Tengo muchos arrepentimientos: chicos, medianos, grandes y enormes. Algunos son aterradores, otros mera nostalgia.
Coexisten arrepentimientos jóvenes con otros casi tan viejos como yo. Incluso es probable que tenga algunos ancestrales. Tanto propios como ajenos que han llegado por su propio pie y sin invitación.
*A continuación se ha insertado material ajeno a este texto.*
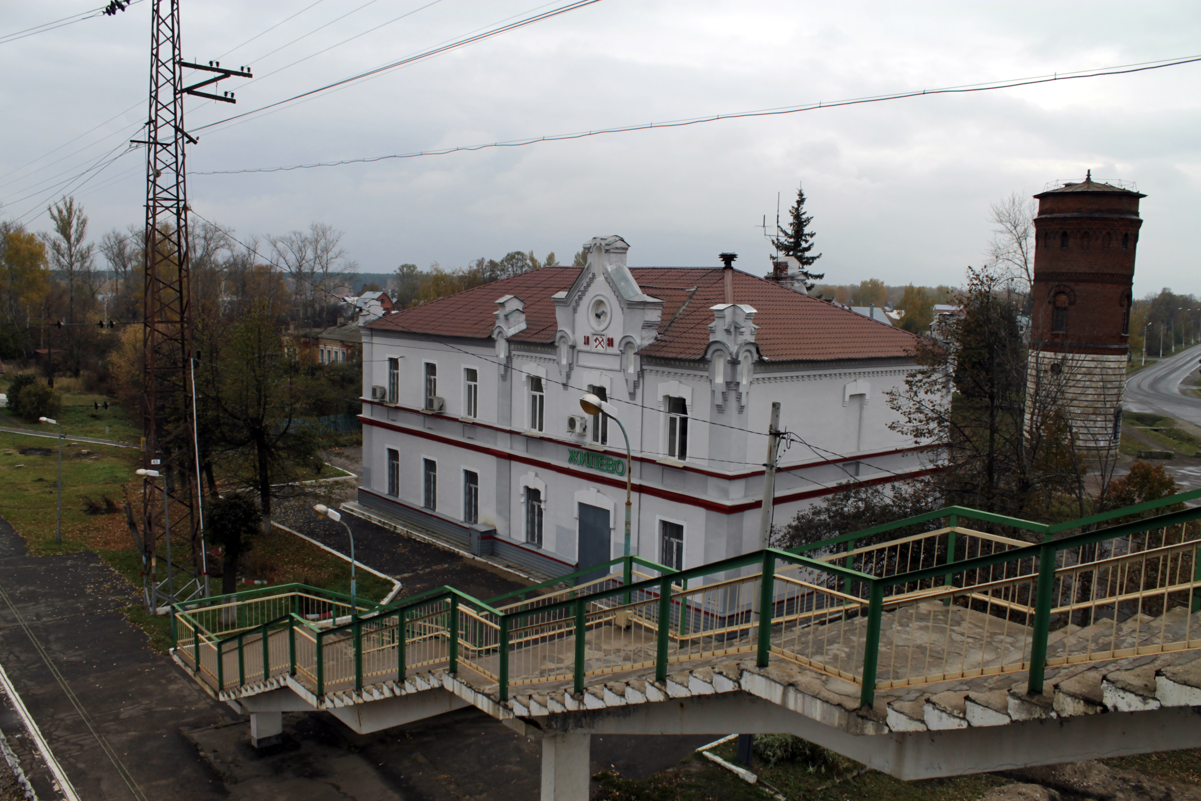 Main view to station building of Zhilevo
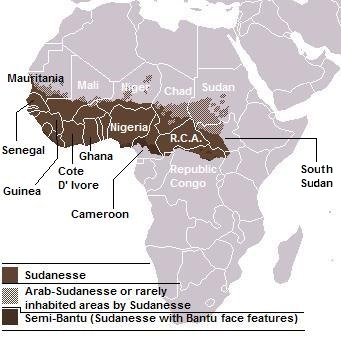 original caption of "Sudanic blacks in Africa". A self-made map apparently intending to show some kind of racial definition of "Sudanese", along with "semi-Sudanese with Bantu race features". It is unclear (unreferenced) if this is based on any kind of serious ethnographic literature. based on the use in the Greek article "Σουδανόφωνοι νέγροι" it seems to transpire that this image represents the historical racial category known in German as Sudanneger ("Sudanic blacks"). A definition is found in the Deutsches Kolonial-Lexikon of 1920, "Sudanneger nennt die Völkerkunde jene weniger somatisch als sprachlich vonden Bantu verschiedene Eingeborenengruppe Afrikas, die sich zwischen die Bantu im Süden und den Südrand der Sahara einlagert." ("Sudan-negroes is the ethnological term for that indigenous group of Africa which is not so much somatically [physiologically] but linguistically distinct from the Bantu, and whose territory is between the Bantu to the south and the southern fringes of the Sahara.") The corresponding historical category of Sudanic languages is not recognized today, but would roughly correspond to what is today known as the "Niger-Congo A" phylum. (it should also be noted that "Sudanic negroes" is strictly speaking a tautology, as already sudan (سودان) is simply the Arabic term for "negroes".)

Allí andan, saltando por la casa, recordando, rememorando, reinventando, imaginando miles de futuros. No es posible mover un libro, una taza, una botella, porque saltan fuera de su escondite donde acechaban pacientes, se entregan a mordisquear conciencias con regocijo malsano.
Puede suceder que, al tomar una manzana roja y rozagante del frutero, cual tigre siberiano salte el arrepentimiento bíblico de Eva “debí comerme la manzana yo sola y no compartirla con el chismoso de Adán”
Total, que del susto dejas la manzana en su lugar y del techo te cae el arrepentimiento alimenticio “fibra natural, necesitas fibra natural”.
Como ese par hay muchos, unos se juntan, se juran amor y en pocos días tienen retoños, una prole de arripientitos con los ojos de uno y el cabello del otro “si hubiera llamado a X en vez de ir con Y” seguidos de una vívida serie de imágenes de una vida feliz y exitosa al lado de Y.
Así el arrepentimiento se extiende del pasado al futuro, metamorfosea, le salen alas y garras y dientes filosos. Roen por igual tu estómago que tus pantuflas. No queda más que conformarse a ir con ese agujero en la panza, el dedo asomándose al caminar y el “su hubiera” en la boca.